Kuru Qan tratando con una hechicera jaghut, sorprendente pero no inquietante. No, era la implicación de Mael lo que reconcomía sin cesar los pensamientos del Errante.

Un dios ancestral. Pero no K’rul, ni Draconus, ni Kilmandaros. No, se trata de un dios ancestral que no se implica jamás. La maldición de Mael es la bendición de todos los demás. ¿Entonces qué ha cambiado? ¿Qué ha apretado las tuercas al viejo cabrón lo suficiente como para que forje alianzas, para que desate su poder en las calles de la ciudad, para que salga en una isla remota y deje sin sentido de una paliza a un dios roto?

¿Su amistad con un patético mortal?

¿Y ahora, mi querido Mael, qué tienes planeado hacer con todos esos devotos? ¿Los que abusan de ese modo de tu indiferencia? Son legión y tienen las manos manchadas de sangre en tu nombre. ¿Eso te complace? De ellos, después de todo, adquieres poder. Suficiente para ahogar este reino entero.

Una guerra entre los dioses, pero ¿la línea de batalla estaba trazada con tanta sencillez como parecía? El Errante ya no se mostraba tan seguro.

Permanecía sobre roca sólida, al alcance del enorme nudo de hielo. Podía olerla, esa hechicería antigua y gélida que pertenecía a otra era. El espíritu encarcelado en su interior, inmovilizado en el momento de atravesar un lago fétido, era una tormenta hirviente de rabia impotente, desdibujada e indistinta en el centro.
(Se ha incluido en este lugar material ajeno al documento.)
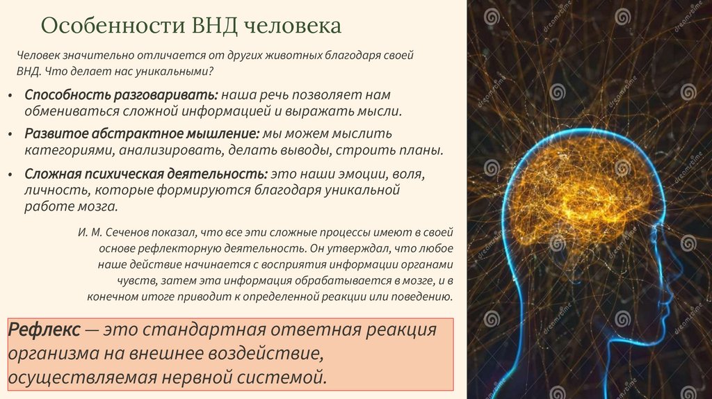 Особенности ВНД человекаЧеловек значительно отличается от других животных благодаря своей

Uno de los propios parientes de Mael, sospechaba el Errante, como un trozo arrancado solo para sufrir un hechizo del dios Tullido. Sin ver en absoluto (de momento) las terribles fisuras extendidas como telarañas enloquecidas por el hielo, fisuras que en ese mismo instante se iban extendiendo hacia el interior.

Hecho pedazos sin duda. ¿A propósito? No, esta vez no, pero al imaginar un lugar de permanencia eligieron mal. Y no, no podían haberlo sabido. Éste… empujoncito… no es mío. Solo… una pavorosa circunstancia.
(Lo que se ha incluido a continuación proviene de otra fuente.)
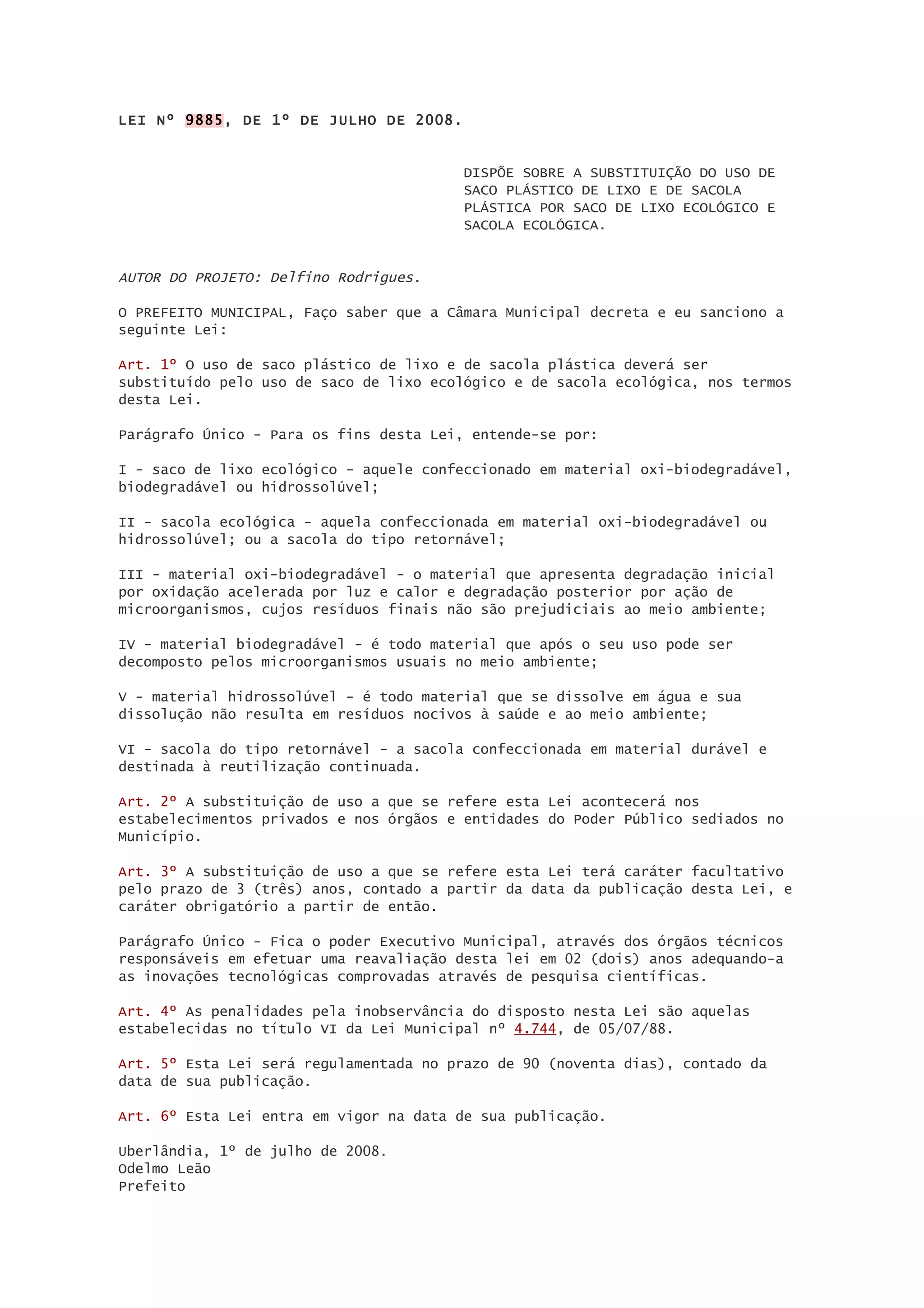 A lei substitui o uso de sacolas e sacos plásticos por alternativas ecológicas nos estabelecimentos públicos e privados do município. Durante 3 anos, a substituição é facultativa, tornando-se obrigatória após. A lei define sacos ecológicos e sacolas como aqueles feitos de materiais biodegradáveis, hidrossolúveis ou reutilizáveis.

¿Lo sabe Mael? Que el Abismo me lleve, necesito hablar con él, ¡ah, la idea me espanta! ¿Cuánto tiempo más puedo retrasarlo? ¿Qué podrida mercadería podría comprar mi silencio? ¿Con qué magra recompensa se pagaría mi advertencia?

Quizá otra palabra con ese dios de la guerra, Fener. Pero no, seguramente esa pobre criatura sabía incluso menos que él. Acobardado, casi desbancado… Desbancado, bueno, ésa sí que es una noción interesante. Dioses en guerra… sí, es posible.
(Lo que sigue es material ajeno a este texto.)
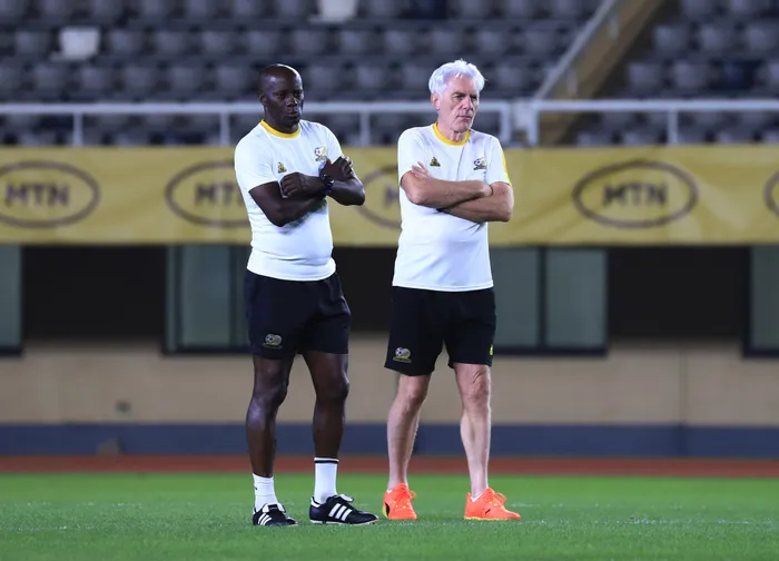 Umqeqeshi weBafana Bafana, uHugo Broos nephini lakhe uHelman Mkhalele ngesikhathi elakuleli liziqeqesha eNelson Mandela Stadium e-Uganda, ngoLwesine Isithombe:BACKPAGEPIX

El Errante se retiró, atravesó roca como un fantasma. Un deseo repentino, la impaciencia, lo empujaba. Necesitaría la mano de un mortal para lo que planeaba. La sangre de un mortal.

Salió en un suelo de adoquines irregulares y llenos de moho. ¿Qué distancia había recorrido? ¿Cuánto tiempo había pasado? Oscuridad y el sonido apagado de un goteo de agua. Olisqueó el aire y captó el aroma de la vida. Con un matiz acre por hurgar en magia vieja. Y supo dónde estaba. Así que, no muy lejos. No faltaba mucho. Nunca te escondas en el mismo sitio, niña. Con la boca seca (algo parecido a la anticipación) bajó corriendo el pasillo torcido.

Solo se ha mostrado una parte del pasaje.